The science rover Curiosity took a break from instrument checks on its third full day on Mars to beam back more pictures from the Red Planet, including its first self-portrait and a 360-degree color view of its home in Gale Crater, NASA said on Thursday.
The panoramic mosaic, comprising 130 separate images that Curiosity captured with its newly activated navigation cameras, shows a rust-colored, pebble-strewn expanse stretching to a wall of the crater's rim in one direction and a tall mound of layered rock in another.
That formation, named Mount Sharp, stands at the center of the vast, ancient impact crater and several miles from where Curiosity touched down at the end of an eight-month voyage across 352 million mile (566 million km) of space.

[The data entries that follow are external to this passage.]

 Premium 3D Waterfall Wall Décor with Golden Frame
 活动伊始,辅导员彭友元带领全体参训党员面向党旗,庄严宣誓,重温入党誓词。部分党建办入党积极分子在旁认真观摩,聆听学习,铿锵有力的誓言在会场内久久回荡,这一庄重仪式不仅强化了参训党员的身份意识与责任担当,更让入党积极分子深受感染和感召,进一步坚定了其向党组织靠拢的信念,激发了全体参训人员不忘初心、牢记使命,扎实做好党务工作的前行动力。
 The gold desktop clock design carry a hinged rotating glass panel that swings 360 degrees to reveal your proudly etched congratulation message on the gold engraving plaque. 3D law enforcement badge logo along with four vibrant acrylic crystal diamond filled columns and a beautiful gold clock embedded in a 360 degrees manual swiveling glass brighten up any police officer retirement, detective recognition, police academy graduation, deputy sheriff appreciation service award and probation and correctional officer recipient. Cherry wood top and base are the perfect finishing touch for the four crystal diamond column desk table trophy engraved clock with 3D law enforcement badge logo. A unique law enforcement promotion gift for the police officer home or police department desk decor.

The layers of exposed rock are thought to hold a wealth of Mars' geologic history, making it the main target of exploration for scientists who will use the rover to seek evidence of whether the planet most similar to Earth might now harbor or once have hosted key ingredients for microbial life.
But mission controllers at the Jet Propulsion Laboratory near Los Angeles are exercising caution immediately following Curiosity's jarring, death-defying descent to the surface on Sunday night.
They plan to spend weeks putting the nuclear-powered, six-wheeled rover and its sophisticated array of instruments through a painstaking series of "health" checks before embarking on the thrust of their science mission in earnest.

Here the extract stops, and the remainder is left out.